Early-stage GBC usually presents no obvious or specific symptoms, with some patients developing gallstones or cholecystitis symptoms, such as right upper quadrant pain and postprandial nausea and vomiting [7]. GBC diagnosis relies primarily on imaging, with ultrasound being the preferred option, while contrast-enhanced computed tomography (CT) is more valuable in evaluating tumor invasion and lymph node metastasis (LNM) [8]. Magnetic resonance imaging (MRI) has high accuracy in diagnosing early GBC, while positron emission tomography-CT (PET-CT), although highly accurate, is less commonly used in clinical practice due to cost. At present, the treatment options for GBC mainly include surgery, chemotherapy, radiotherapy, targeted therapy, and immunotherapy, with surgery being the only potential radical cure [9]. However, the postoperative recurrence rate of GBC is as high, ranging from 40-60% [10]. The specific reason for this high recurrence rate remains elusive, but some studies suggest it may be related to the biological behavior of tumors, individual differences in patients, and specific surgical procedures. Although some research has been conducted on the recurrence and long-term prognosis of GBC following radical surgery, the number of related studies is limited, and the results are inconsistent. An international multicenter study by Margonis et al. [11] found that approximately 35.0% of patients experienced postoperative recurrence, with a median recurrence-free survival (RFS) time of 9.5 months; and their analysis identified that T3 GBC, tumor remnants, and lymphovascular invasion were independent risk factors for postoperative recurrence. A retrospective study [12] involving 117 patients found that about 73.5% (86) of patients relapsed within two years of postoperative follow-up.
Despite these findings, existing studies have several limitations.
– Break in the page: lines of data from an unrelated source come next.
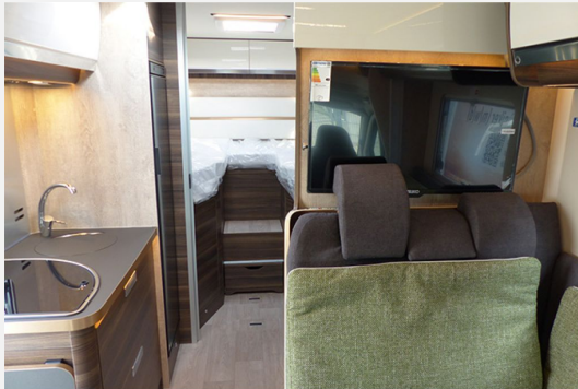
Camper NRW by Hartmann GmbH – Verkauf, Vermietung und Service von Reisemobilen Alfred-Nebel-Str. 7 | 41515 Grevenbroich | Tel.: 021 81 / 65 56-10 00 | anfragen@camper-nrw.de | www.camper-nrw.de
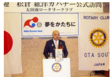
ガバナー講話の様子
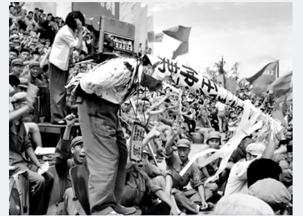
문화대혁명 (1966~1976년) 비정상적으로 733만 명 사망[중국 현지(县志) 기재 통계]; 비정상사망 2천만 명.[예젠잉(叶剑英) 기술]

Many of them rely on traditional statistical methods, which may not fully capture the complexity and interactions among multiple prognostic factors. Additionally, these studies often have small sample sizes, limiting the generalizability of their findings. Moreover, the predictive models used in previous research lack the precision and individualized approach required for effective risk assessment and personalized treatment planning.
To address these gaps, our study employed advanced machine learning techniques, specifically the least absolute shrinkage and selection operator (LASSO) regression and XGBoost regression, to identify characteristic factors affecting disease-free survival (DFS), and a highly accurate predictive model was constructed based on the idented risk factors. These findings provide more reliable tools for clinicians to develop targeted treatment plans and follow-up strategies, significantly improving patient outcomes and quality of life. Furthermore, the validation of our model with external datasets confirms its robustness and practical applicability, promoting the advancement of personalized healthcare in GBC treatment.
Methods and data
Clinical data
A retrospective analysis was conducted on GBC patients who received treatment at the First affiliated Hospital of Huzhou University from March 2008 to March 2021. This study was approved by the Medical Ethics Committee of the First affiliated Hospital of Huzhou University. Due to the retrospective nature of this study, informed consent was waived.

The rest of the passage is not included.